Secondly, I think I came across as a bit of a fool in my first post but believe me I’m not, I know my bf has been extremely stupid and he should never have kept it from me, there have been many arguments about that! I’d like to point out that we’ve been together almost 4 years, I knew he took out the loan and I guess I knew deep down he’d defaulted on the payments, we just didn’t talk about it because I hoped he’d sort out his own problems but now I’ve accepted it’s something he can’t do, he’s stood by me through a lot and if I have to help him through this then so be it, I’m not running away from this relationship because he’s made one big mistake.
Oh and we actually already live together, but it’s a friends place we live in so no signed lease, so makes running away slightly more difficult!0 -
I'm terrible with money and I have habit of running away from debts (well, I have in the past).
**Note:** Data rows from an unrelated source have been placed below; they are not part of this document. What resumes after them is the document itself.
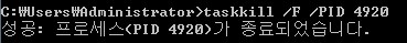 6. taskkill /F /PID 4920 명령어로 해당 프로세스를 종료 합니다.
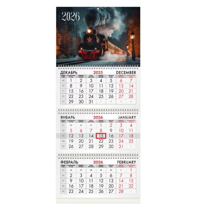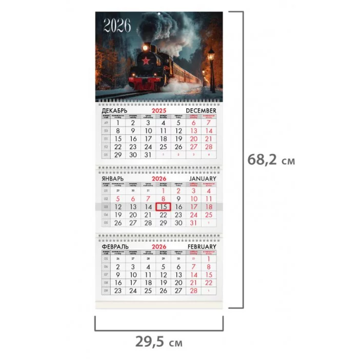 Офисный календарь на 2026 год на 3 гребнях. Состоит из 3 блоков с календарными сетками на три месяца – предыдущий, текущий и последующий. Блок календаря напечатан на офсетной бумаге плотностью 65 г/м2. Подложка изготовлена из мелованного картона плотностью 235 г/м2. Курсор-бегунок выделяет текущую дату. Вертикальный формат.
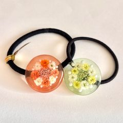 リボン ヘアゴム ハンドメイド レジン ドライフラワー ピンク
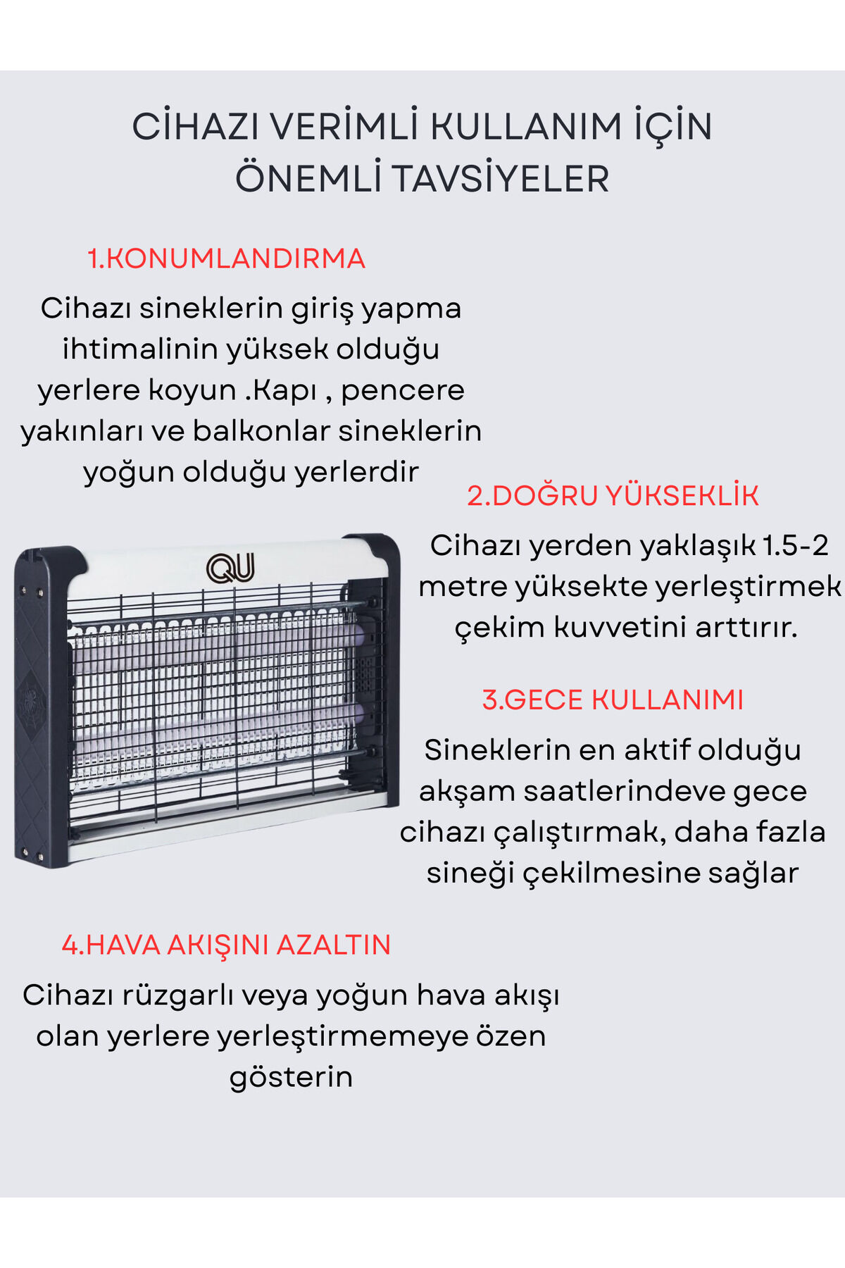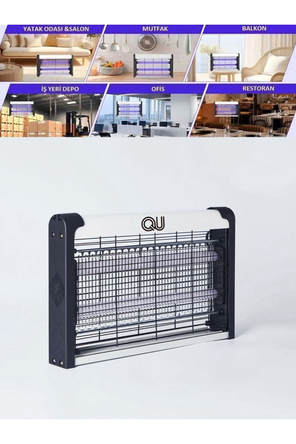 QU300SO UVIŞIKLI SİNEK ÖLDÜRÜCÜ (20W) Kapsama Alanı: 50m'2 Kimyasal madde kullanmadan, kokusuz, dumansız,hijyenik ve etkili bir çözüm yolu sunar. Güçlü : 20 watt gücünde yüksek kapasiteli LED teknolojisi ileetkili ve hızlı bir şekilde sinekleri öldürür.İki LED özelliği: Birden fazla sinek türüne karşı etkili olan iki LED ilegeniş spektrumda etkili bir öldürme performansı sunar. Kolay kullanım: Pratik tasarımı sayesinde herhangi bir ekstra aksesuar ihtiyaç duymadan kolayca kullanılabilir. Uzun ömürlü: Dayanıklı yapısı ile uzun süreli kullanım için idealdir ve sık değiştirme gerektirme.Ürün Açıklaması Elektrikli uv sinek öldürücü, ev ve iş yerlerinizde etkili bir şekilde sinekleri uzaklaştırır Makine formundaki tasarımı sayesinde, kolayca taşınabilir ve istenilen her yere rahatlıkla yerleştirilebilirUV ışınları ile sinekleri anında etkisiz hale getirerek, sağlıklı bir yaşam alanı sağlar Zincirli askısı sayesinde, cihazın güvenli bir şekilde asılmasını ve sabit kalmasını sağlar

My ex-wife is far far worse with money (she just cannot stop spending), but she appears to make the debts manageable (she gets unofficial DMPs and then goes getting credit from somewhere else). With 110% mortgage, it's going to come crashing around her eventually.
Why would that make me a bad person? I try not to lie about anything (except money), I'm honest and I'm not an unfaithful person (unlike many people on another forum that I was reading). I work hard and I try not to be selfish.
I'm now almost debt-free (well, OK, I have £1k on my CC at the moment, but I'm paying it off quickly) and I have a bit of money coming my way this month so I'll have savings again (I've never saved in my whole life for anything I really wanted until this year when I saved £2 for a holiday!).
Some people are great with money and some people aren't. It doesn't make you a bad person. Foolish maybe.The smaller the monkey the more it looks like it would kill you at the first given opportunity.